Comparison of the red blood cell Ca2(+)-ATPase in ghost membranes and after purification.

作者信息

Kosk-Kosicka D

机构信息

University of Maryland, School of Medicine, Department of Biological Chemistry, Baltimore 21201.

出版信息

Mol Cell Biochem. 1990 Dec 20;99(2):75-81. doi: 10.1007/BF00230336.

Abstract

We have compared properties of the red blood cell Ca2(+)-ATPase in two types of preparations: red cell membrane ghosts (enzyme in unfractionated membranes) and after purification (detergent-soluble enzyme). The Ca2(+)-ATPase activity was studied with respect to its requirement for: calmodulin, calcium, magnesium, monovalent cations, ionic strength, pH, and temperature. Sensitivity of the Ca2(+)-ATPase activity in the two preparations to anticalmodulin drugs and to engineered calmodulins with amino acid substitutions was determined. Finally, stoichiometry of the formation of phosphorylated enzyme intermediate (EP) and titrations of the ATP binding region with fluorescein 5'-isothiocyanate (FITC) were characterized.
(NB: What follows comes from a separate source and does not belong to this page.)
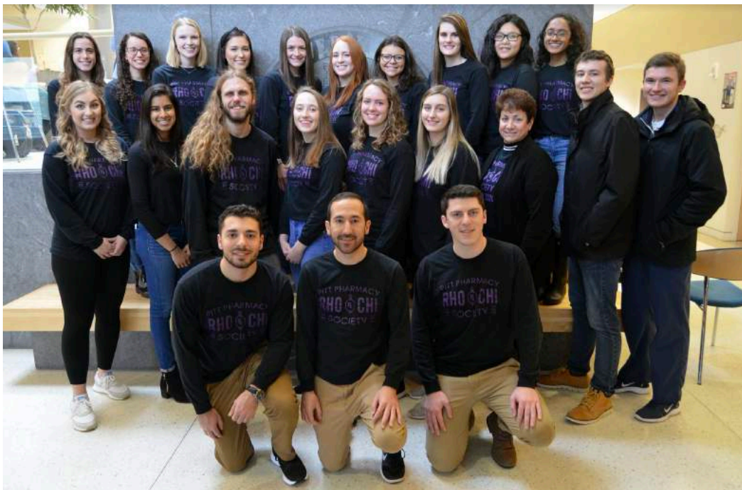
Pictured on the left: Rho Chi members from the Class of 2021.

Looking forward to April, the annual Tucci-Koch Lecture will take place on Wednesday, April 1. More details are to follow in the upcoming month. Good luck to everyone as we finish the semester strong!

For the first time a high phosphorylation level of 2.0-2.4 mmol EP/mg of purified enzyme is reported. The two enzyme preparations have been found to be very similar with respect to the dependency of all the regulating factors described here. These results complement findings reported from various laboratories on the similarity of other kinetic properties as well as the similarity of modulation of the Ca2(+)-ATPase activity by phospholipids and proteolysis in the membraneous and purified enzyme. Thus, the purified detergent-soluble enzyme is very well suited for kinetic characterization of the red cell Ca2(+)-ATPase.

摘要

我们比较了两种制剂中红细胞Ca2(+)-ATP酶的特性:红细胞膜空壳(未分级膜中的酶)和纯化后(去污剂可溶酶)的制剂。针对其对钙调蛋白、钙、镁、单价阳离子、离子强度、pH值和温度的需求,研究了Ca2(+)-ATP酶活性。测定了两种制剂中Ca2(+)-ATP酶活性对抗钙调蛋白药物和具有氨基酸取代的工程钙调蛋白的敏感性。最后,对磷酸化酶中间体(EP)形成的化学计量关系以及用异硫氰酸荧光素5'-异硫氰酸盐(FITC)对ATP结合区域的滴定进行了表征。首次报道了纯化酶的高磷酸化水平为2.0 - 2.4 mmol EP/mg。已发现这两种酶制剂在本文所述的所有调节因子的依赖性方面非常相似。这些结果补充了各个实验室报道的关于其他动力学特性的相似性以及膜结合酶和纯化酶中磷脂和蛋白水解对Ca2(+)-ATP酶活性调节的相似性的研究结果。因此,纯化的去污剂可溶酶非常适合用于红细胞Ca2(+)-ATP酶的动力学表征。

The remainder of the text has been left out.